Being out of church, I am concerned about my children, now teenagers. I have studied and determined what it is that I believe and am committed to it. But my children are not motivated, being out of church, to study what the bible says, enough to stand firm, on solid ground. This concerns me.


----------



## NE GA Pappy (Oct 4, 2015)

1gr8bldr said:


> But my children are not motivated, being out of church, to study what the bible says, enough to stand firm, on solid ground. This concerns me.



and well it should.  There is nothing that says they won't struggle with their beliefs even if they are heavily involve in a church group, but if they are not involved in a church group, this is almost a given.


----------



## M80 (Oct 4, 2015)

1gr8bldr said:


> Being out of church, I am concerned about my children, now teenagers. I have studied and determined what it is that I believe and am committed to it. But my children are not motivated, being out of church, to study what the bible says, enough to stand firm, on solid ground. This concerns me.



I'm glad it does bother you because you are the leader of the household. Being burned in church like you was breaks my heart as a pastor. I want to help and be an encouragement to the members of our church. I just don't understand how some so called preachers can be this way. I guess I've been sheltered all my life being part of the best churches around. I've been burned bad to once in my life in church. Could have got out but The Lord never has done nothing wrong to me so I still have a desire in my heart to go faithfully to the house of The Lord. I'll be praying The Lord pricks your heart and you seek him to put you in the right church. What got my attention in your post was his wife's sister was going to be a preacher. Major red flags come up there. Find you an old fashion bible believing church where you can worship The Lord in spirit and in the truth. God bless you my friend and will be praying.


----------



## clayservant (Oct 9, 2015)

well my two cents as a minister...............I would never go to a church that yells at me or just preaches salvation only. once you get saved you need to learn HOW TO WALK .


----------



## 1gr8bldr (Oct 10, 2015)

clayservant said:


> well my two cents as a minister...............I would never go to a church that yells at me or just preaches salvation only. once you get saved you need to learn HOW TO WALK .

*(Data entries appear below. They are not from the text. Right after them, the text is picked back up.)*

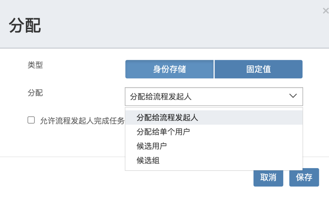 选中第一个 UserTask 之后,然后在下方找到分配用户,设置任务分配人:
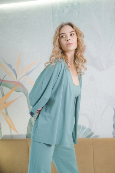 Хлопковый трикотаж премиум-класса, не скатывается и не садится при стирке. В серии Home идеально сочетаются топ, кимоно и брюки. Вы можете выбрать все позиции в одном оттенке или поиграть с сочетанием различных цветов.
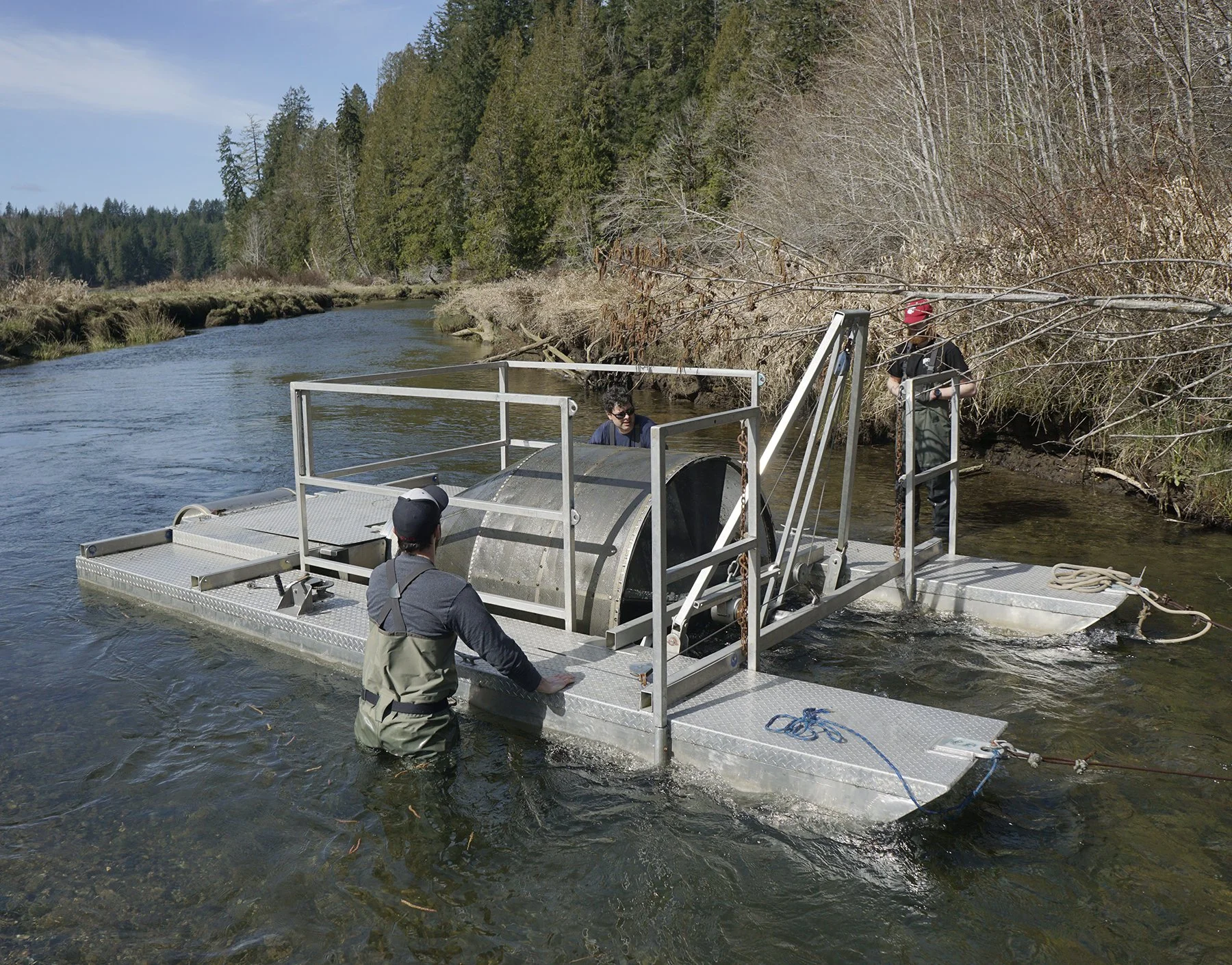 The team successfully operated three juvenile rotary screw-trap monitoring stations on the Tahuya, Dewatto, and Little Quilcene Rivers throughout each spring season. This isn't easy work. It means overcoming challenges such as debris, high flows, scheduling fluctuations, and ongoing equipment maintenance to ensure daily trap operations for nearly 10 weeks each year.
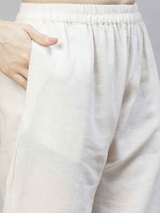 Solid Ethnic Embroidered Straight Fit Pant - Off White
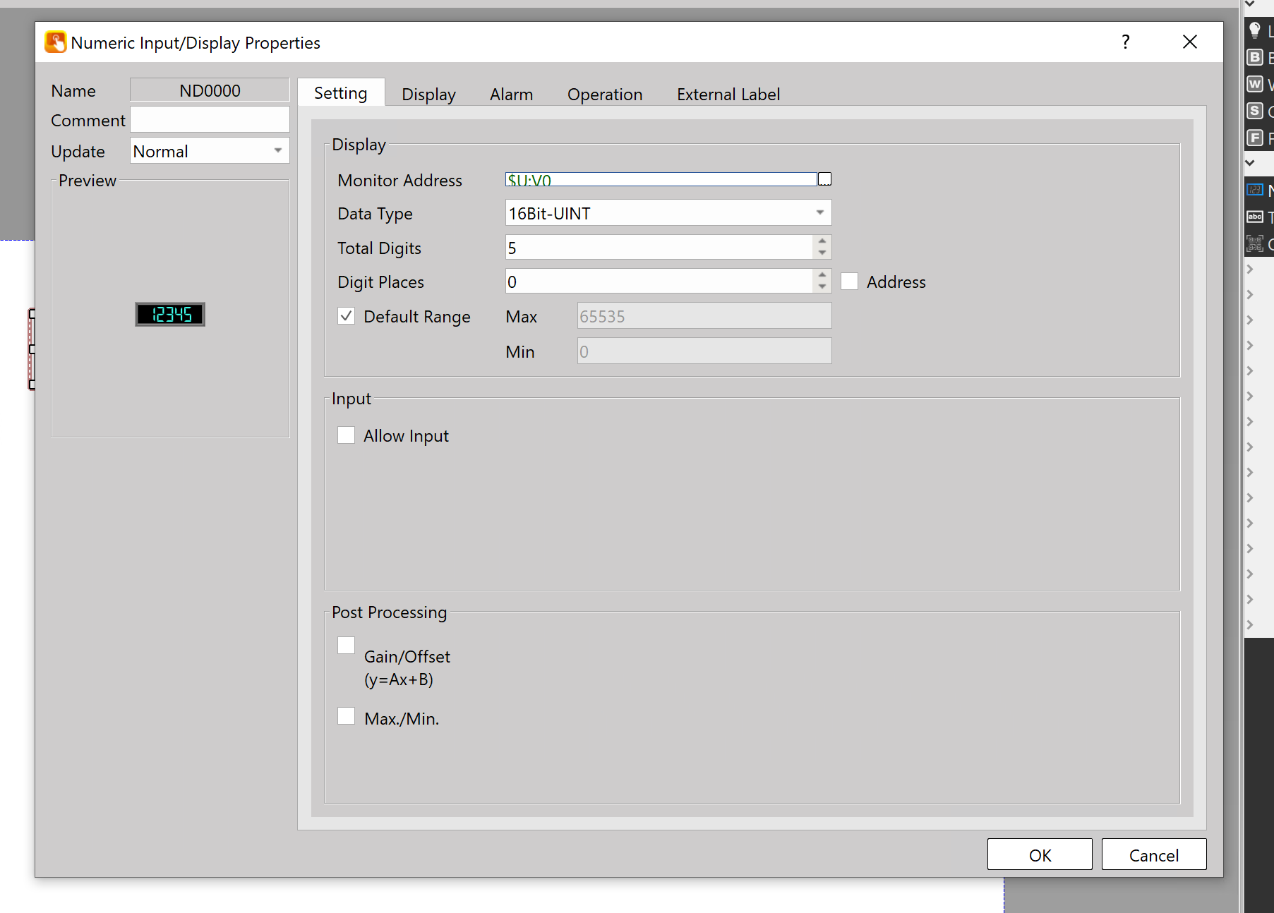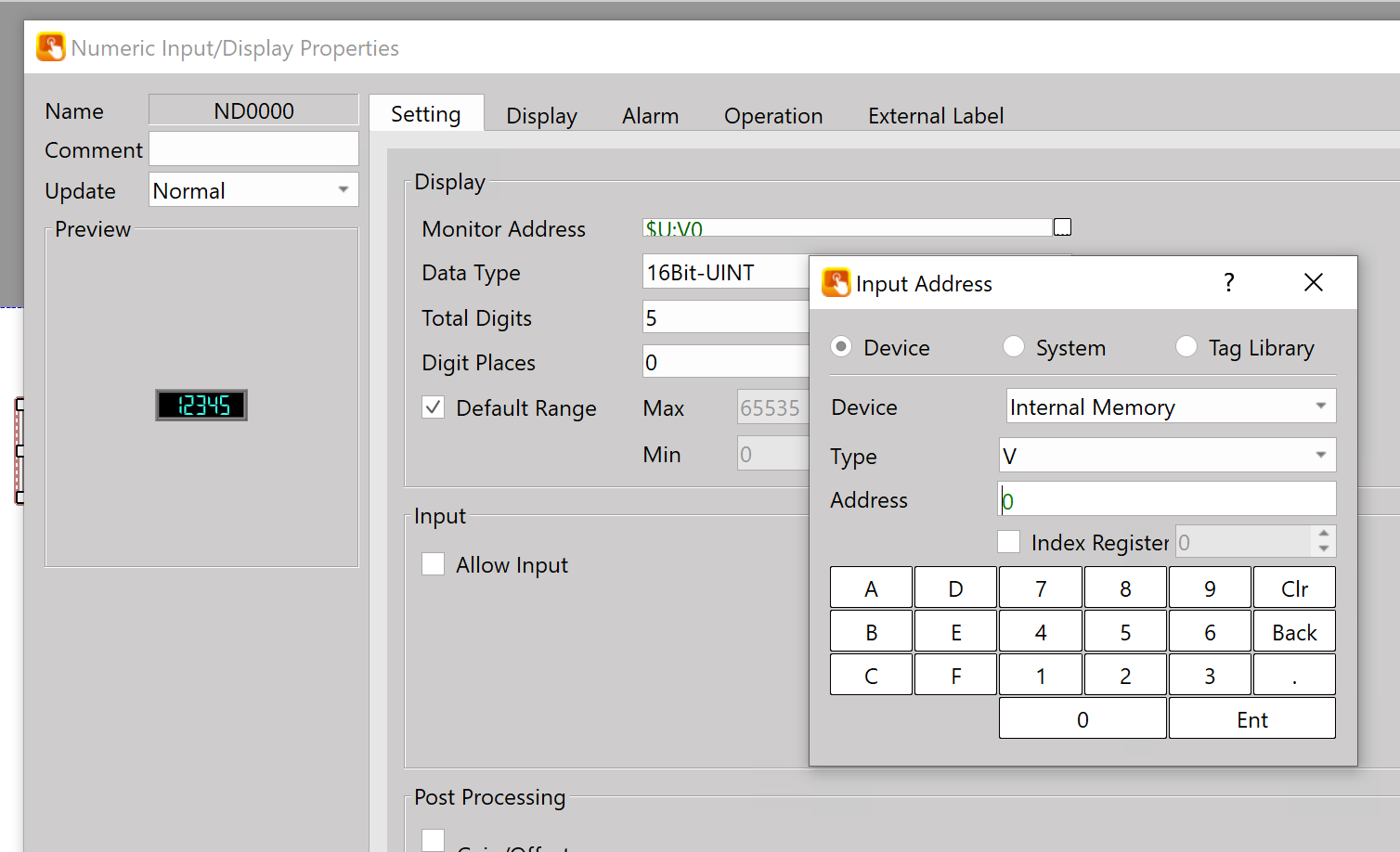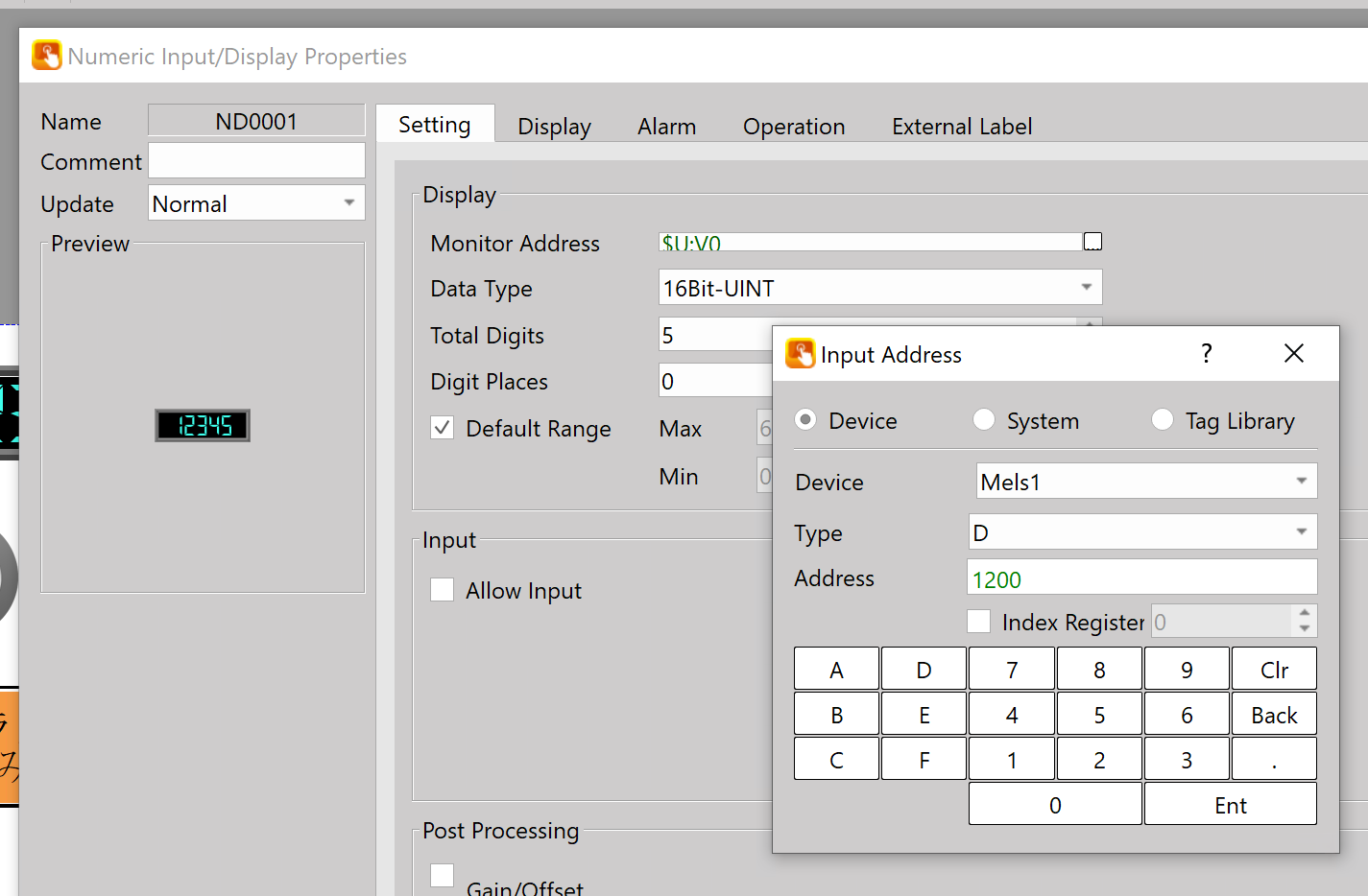 先程追加したNumeric Input/Display部品をダブルクリックし、部品のプロパティ画面を表示します。Monitor AddressにV0を設定します(先程Link Statusのアドレスに設定したもの)。

I think an interesting discussion would be this topic. I am to busy to keep it going. Wish someone else would. Can the church teach you how to walk? I would be on the opposite side. I came from a church where the pastor tried to teach people, everything... how to raise kids, when to spank, when to let them date, etc, etc. How to do everything. The arrogance in it was that he thought he was the most qualified to teach people how to act. I think it tramples the new covenant and glory of the Holy Spirit. But the conversation would be interesting because I realize that I often need to find moderation from the extreme


----------



## gordon 2 (Oct 11, 2015)

1gr8bldr said:


> I think an interesting discussion would be this topic. I am to busy to keep it going. Wish someone else would. Can the church teach you how to walk? I would be on the opposite side. I came from a church where the pastor tried to teach people, everything... how to raise kids, when to spank, when to let them date, etc, etc. How to do everything. The arrogance in it was that he thought he was the most qualified to teach people how to act. I think it tramples the new covenant and glory of the Holy Spirit. But the conversation would be interesting because I realize that I often need to find moderation from the extreme




My leaning post on this is perhaps like yours. The whole point of the Good News is that all things are new, especially that man does not teach man anymore but rather God himself teaches directly.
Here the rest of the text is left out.